# Oracle Cloud Infrastructure Object Storage fsspec Implementation
[![PyPI](https://img.shields.io/pypi/v/ocifs.svg?style=for-the-badge&logo=pypi&logoColor=white)](https://pypi.org/project/ocifs/) [![Python](https://img.shields.io/pypi/pyversions/ocifs.svg?style=for-the-badge&logo=pypi&logoColor=white)](https://pypi.org/project/ocifs/)
The [Oracle Cloud Infrastructure Object Storage](https://docs.oracle.com/en-us/iaas/Content/Object/Concepts/objectstorageoverview.htm) service is an internet-scale, high-performance storage platform that offers reliable and cost-efficient data durability. With Object Storage, you can safely and securely store or retrieve data directly from the internet or from within the cloud platform.
`ocifs` is part of the `fsspec` [intake/filesystem_spec ecosystem](https://github.com/intake/filesystem_spec)

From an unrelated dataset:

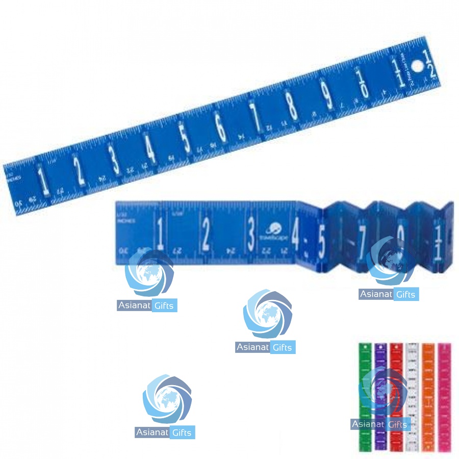 Folding Rulers have a hole for hanging up and easily fold up into a 1-1/2" square. Calibrations are in white except on the white ruler where they are black.
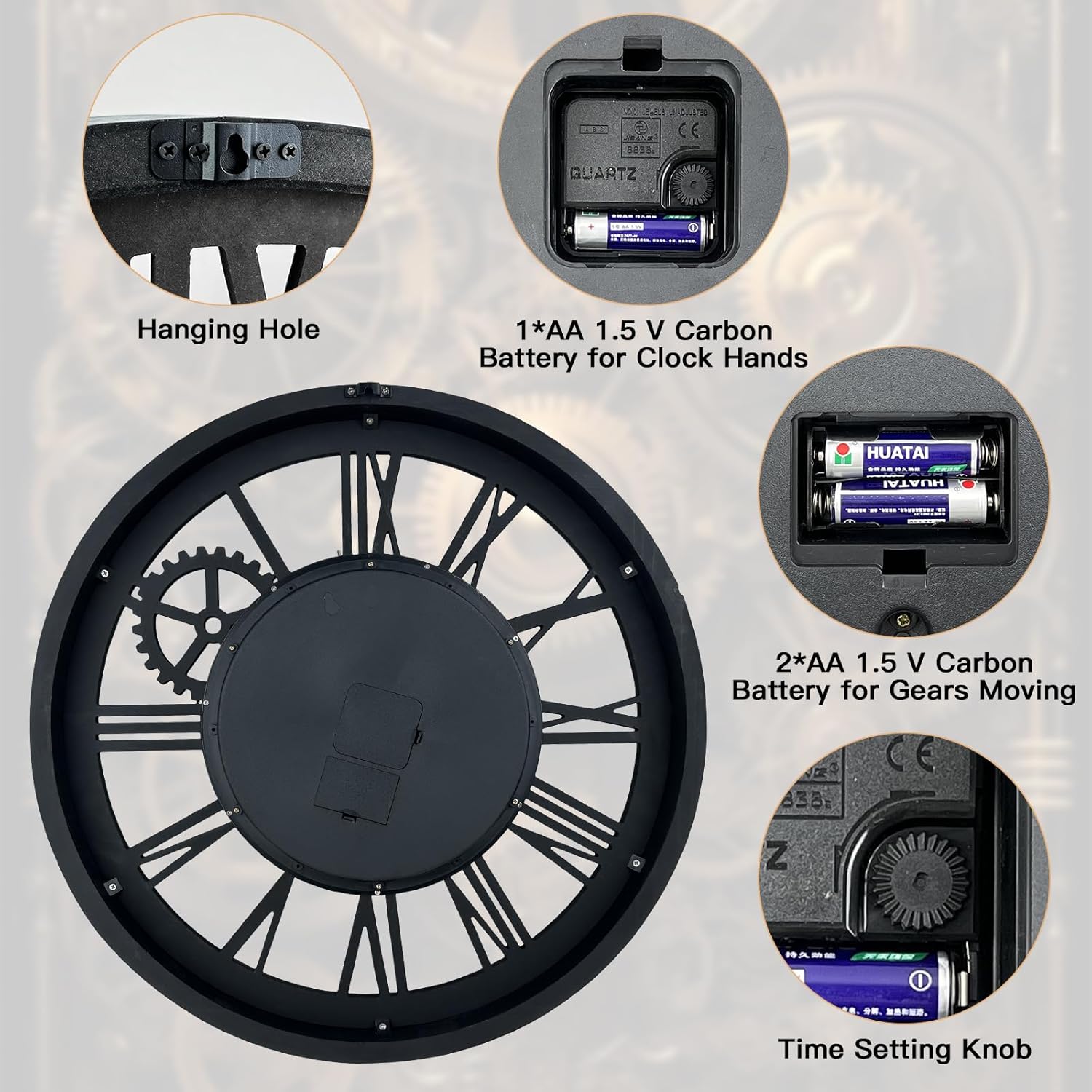 - REAL MOVING GEARS: Large wall clock with unique moving parts is as attractive as it is functional. Put batteries in, various gears start rotating fluently. Moving gear wall clock is amazing looking on the wall and will get so many compliments on it. Made from solid wood and painted by Rust-like color on wall clock create a very rustic and industrial atmosphere. Farmhouse wall clock is professionally handmade and pursuit of naturalness, so it may have some little imperfections.

> a template or specification for a file-system interface, that specific implementations should follow, so that applications making use of them can rely on a common interface and not have to worry about the specific internal implementation decisions with any given backend.
`ocifs` joins the list of file systems supported with this package.
The `intake/filesystem_spec` project is used by [Pandas](https://pandas.pydata.org/), [Dask](https://dask.org/) and other data libraries in python, this package adds Oracle OCI Object Storage capabilties to these libraries.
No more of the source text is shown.